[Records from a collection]
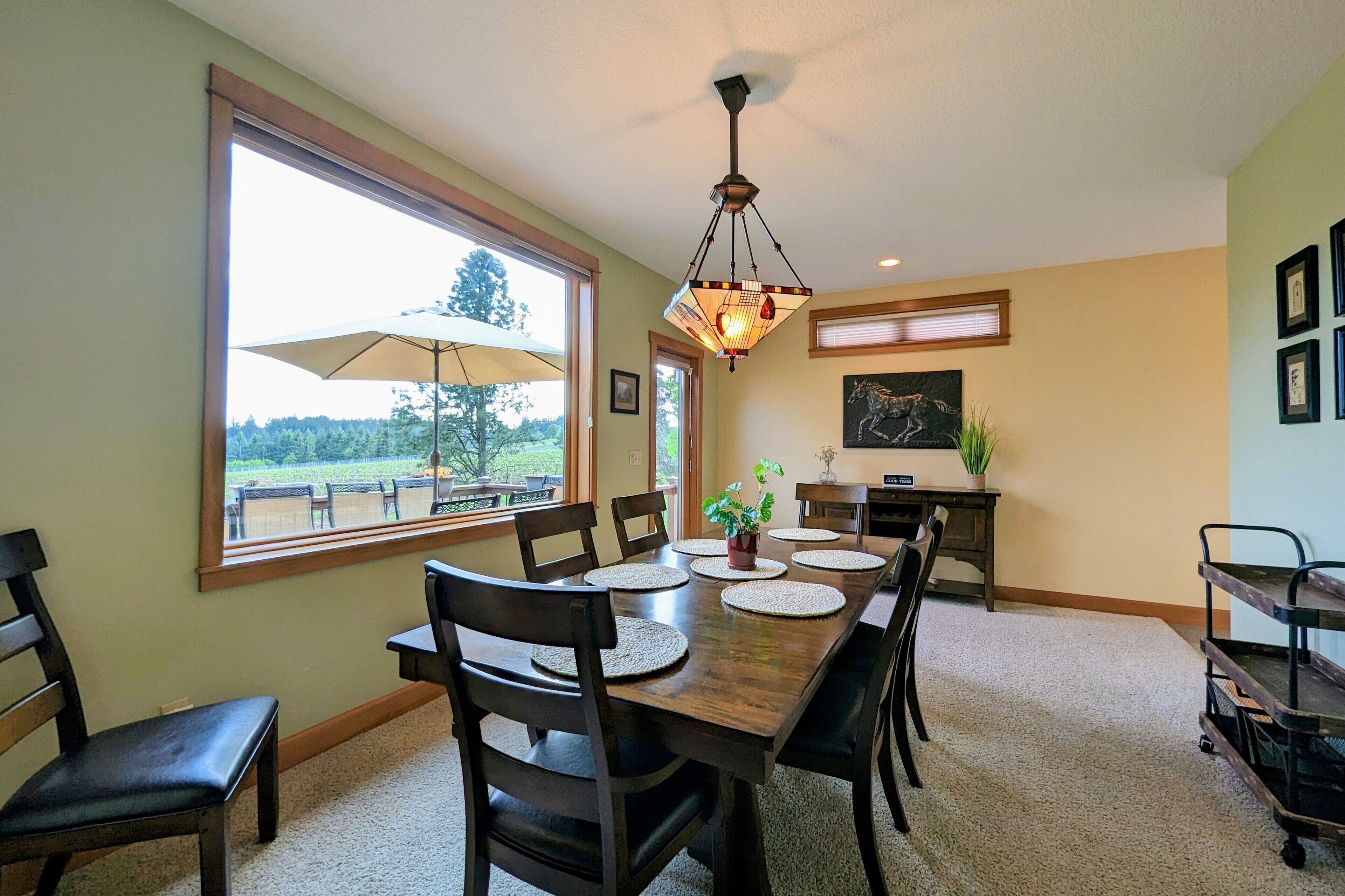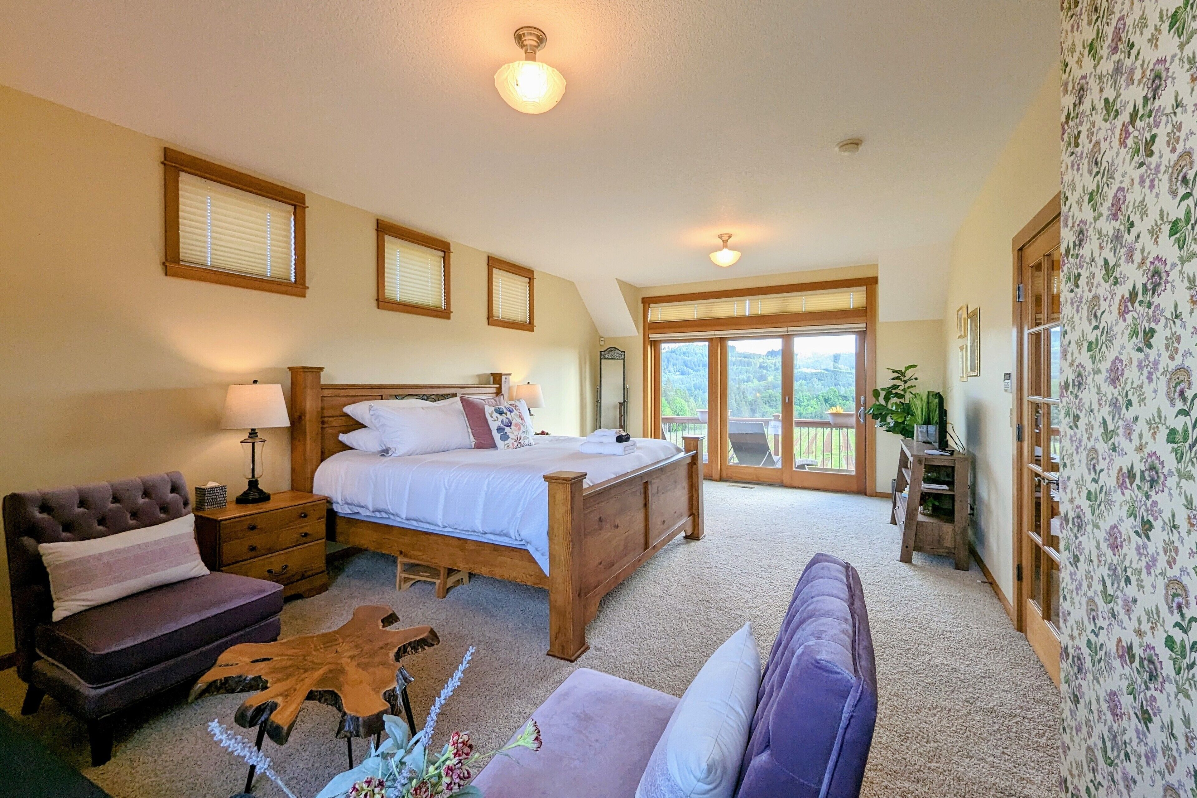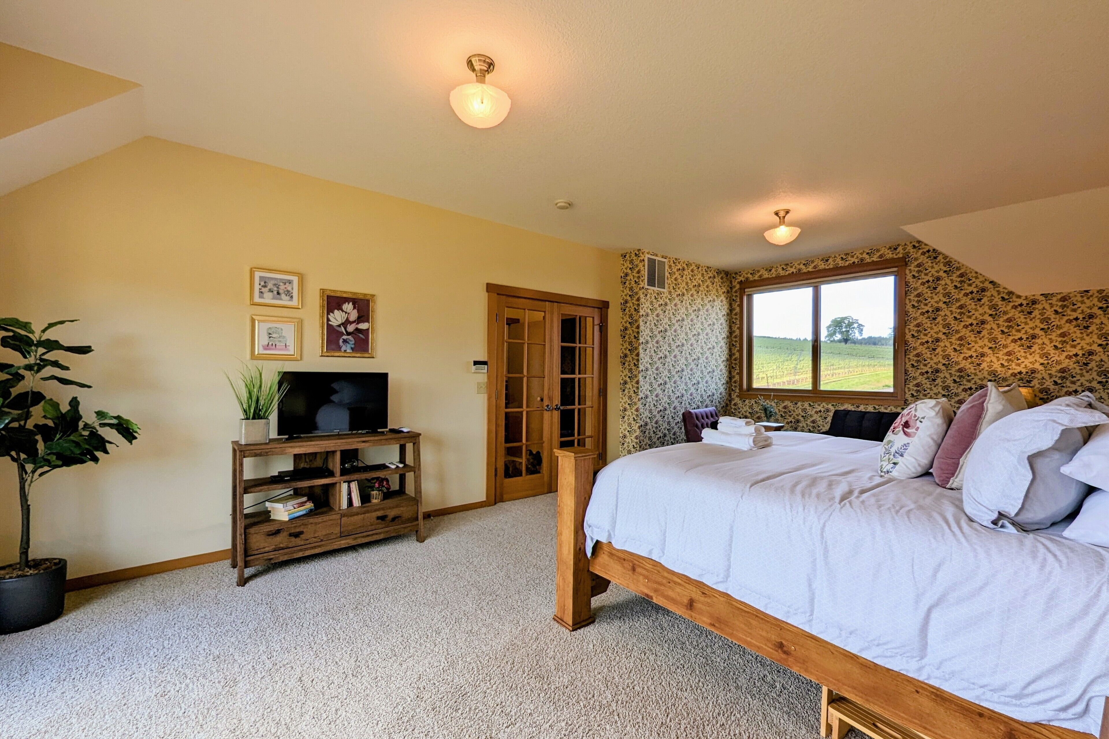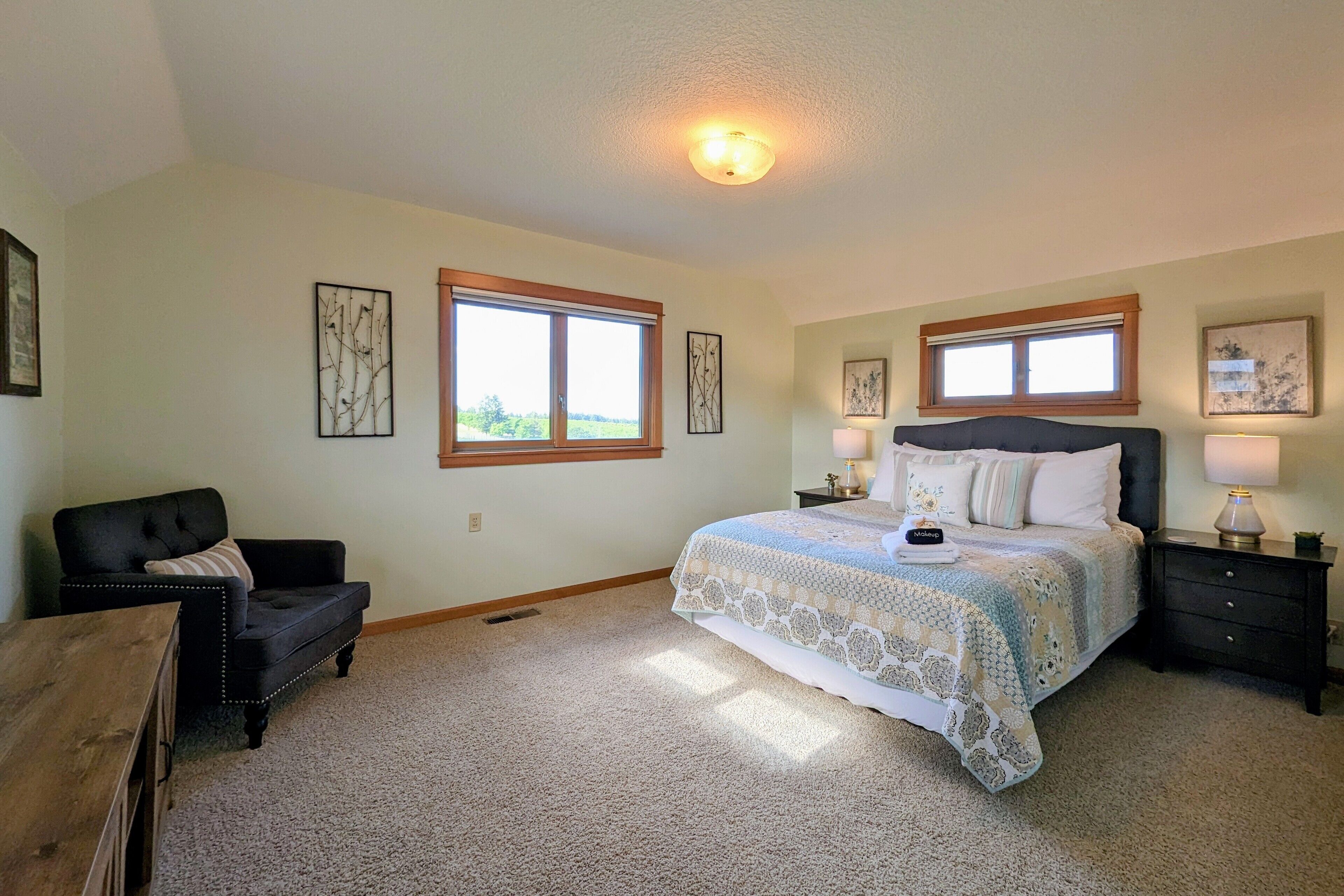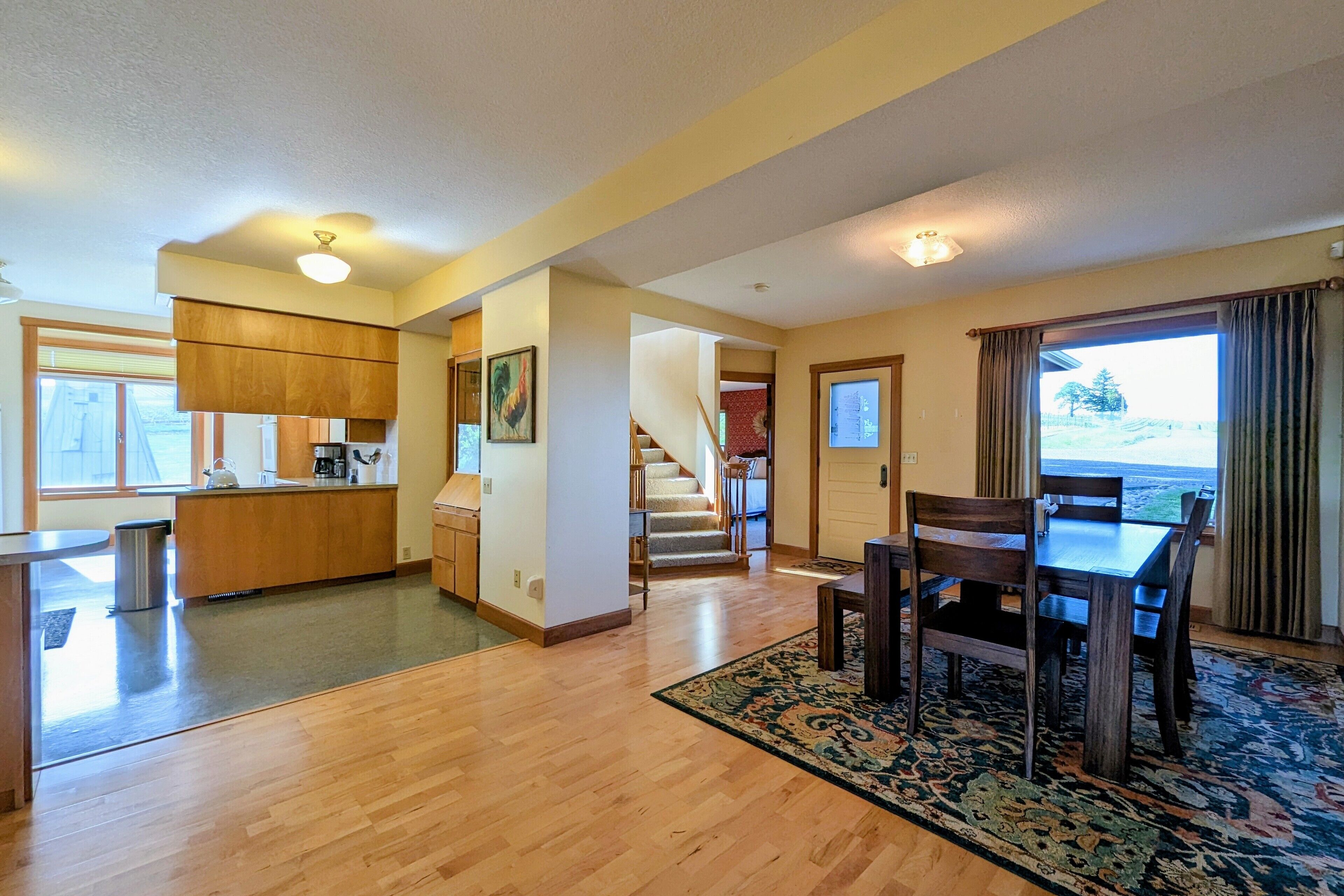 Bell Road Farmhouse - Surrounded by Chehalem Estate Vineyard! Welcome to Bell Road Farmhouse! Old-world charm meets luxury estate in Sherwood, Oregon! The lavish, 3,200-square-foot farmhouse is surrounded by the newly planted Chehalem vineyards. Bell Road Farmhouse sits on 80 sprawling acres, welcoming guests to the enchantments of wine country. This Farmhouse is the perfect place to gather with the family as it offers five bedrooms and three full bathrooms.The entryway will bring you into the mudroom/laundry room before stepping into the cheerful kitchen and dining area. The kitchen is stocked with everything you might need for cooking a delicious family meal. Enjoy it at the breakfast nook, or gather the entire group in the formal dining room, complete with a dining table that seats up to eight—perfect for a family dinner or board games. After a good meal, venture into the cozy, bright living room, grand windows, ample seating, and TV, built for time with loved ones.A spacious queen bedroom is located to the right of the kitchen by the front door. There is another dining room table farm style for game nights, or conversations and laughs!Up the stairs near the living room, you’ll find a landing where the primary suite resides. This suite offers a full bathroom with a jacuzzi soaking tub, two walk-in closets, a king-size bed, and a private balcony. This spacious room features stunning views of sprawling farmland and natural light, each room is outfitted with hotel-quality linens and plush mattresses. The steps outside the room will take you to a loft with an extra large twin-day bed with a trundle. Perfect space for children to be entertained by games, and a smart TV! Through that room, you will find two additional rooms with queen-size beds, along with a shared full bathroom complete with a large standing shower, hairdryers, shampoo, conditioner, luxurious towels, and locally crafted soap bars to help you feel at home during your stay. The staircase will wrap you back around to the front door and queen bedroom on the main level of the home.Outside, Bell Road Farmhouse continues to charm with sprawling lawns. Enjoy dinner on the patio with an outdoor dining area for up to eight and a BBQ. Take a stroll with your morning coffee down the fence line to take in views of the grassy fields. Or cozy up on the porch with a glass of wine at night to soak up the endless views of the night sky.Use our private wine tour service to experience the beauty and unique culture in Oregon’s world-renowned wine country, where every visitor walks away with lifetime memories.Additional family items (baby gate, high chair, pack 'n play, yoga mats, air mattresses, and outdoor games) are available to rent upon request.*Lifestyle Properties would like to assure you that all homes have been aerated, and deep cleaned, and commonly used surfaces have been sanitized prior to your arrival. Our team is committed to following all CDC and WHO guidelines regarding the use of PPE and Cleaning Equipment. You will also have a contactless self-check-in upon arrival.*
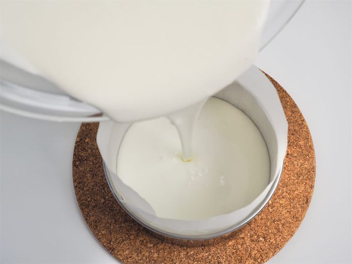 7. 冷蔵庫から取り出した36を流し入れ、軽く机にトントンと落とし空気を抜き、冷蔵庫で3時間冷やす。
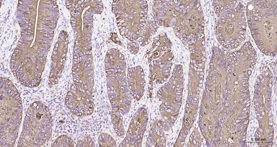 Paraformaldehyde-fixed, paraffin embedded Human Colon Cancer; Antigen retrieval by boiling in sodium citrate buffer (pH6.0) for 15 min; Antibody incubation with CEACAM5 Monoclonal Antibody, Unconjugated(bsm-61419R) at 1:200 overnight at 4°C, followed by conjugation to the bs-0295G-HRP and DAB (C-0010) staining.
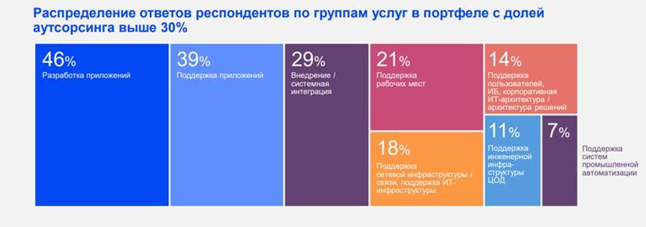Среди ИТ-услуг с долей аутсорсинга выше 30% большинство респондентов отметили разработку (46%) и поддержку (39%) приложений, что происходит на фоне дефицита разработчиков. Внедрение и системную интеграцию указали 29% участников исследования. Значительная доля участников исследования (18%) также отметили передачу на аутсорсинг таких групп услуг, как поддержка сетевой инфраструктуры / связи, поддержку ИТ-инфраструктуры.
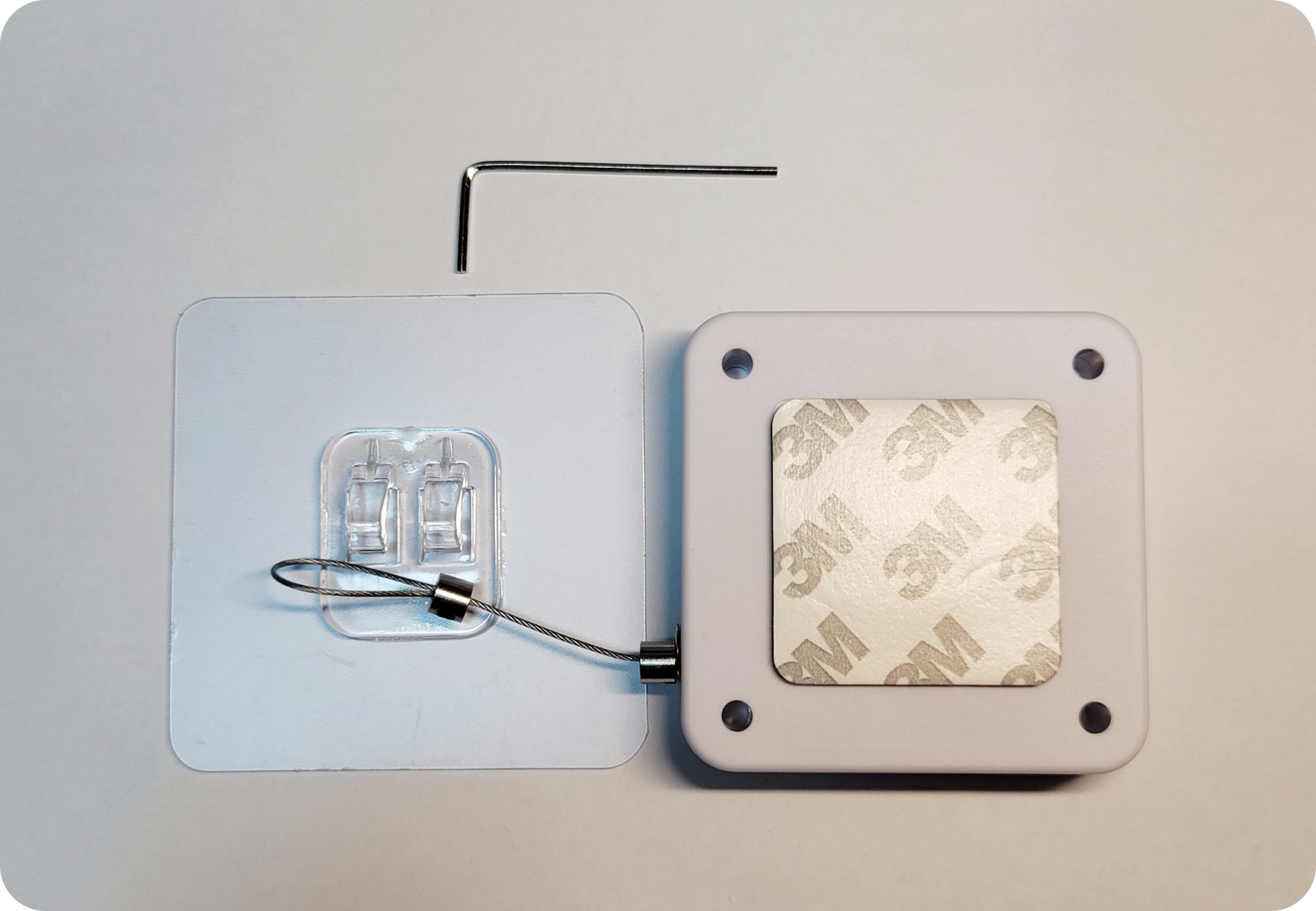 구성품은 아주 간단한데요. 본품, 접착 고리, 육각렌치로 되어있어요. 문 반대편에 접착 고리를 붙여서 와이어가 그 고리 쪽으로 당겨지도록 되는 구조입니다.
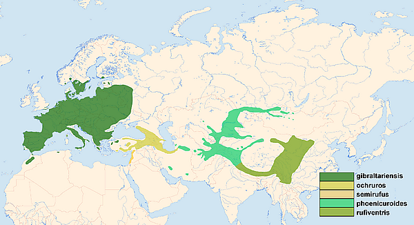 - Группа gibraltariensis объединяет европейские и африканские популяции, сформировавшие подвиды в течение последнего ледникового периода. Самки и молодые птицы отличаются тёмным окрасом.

YOUR GOAL: A word-for-word reproduction is needed of the lines above from the line containing "7. 冷蔵庫から取り出した3" through the line containing "Paraformaldehyde-fixed, paraffin embedded", with both ends kept and no pictures.

ANSWER FOR THIS EXERCISE:
 7. 冷蔵庫から取り出した36を流し入れ、軽く机にトントンと落とし空気を抜き、冷蔵庫で3時間冷やす。
 Paraformaldehyde-fixed, paraffin embedded Human Colon Cancer; Antigen retrieval by boiling in sodium citrate buffer (pH6.0) for 15 min; Antibody incubation with CEACAM5 Monoclonal Antibody, Unconjugated(bsm-61419R) at 1:200 overnight at 4°C, followed by conjugation to the bs-0295G-HRP and DAB (C-0010) staining.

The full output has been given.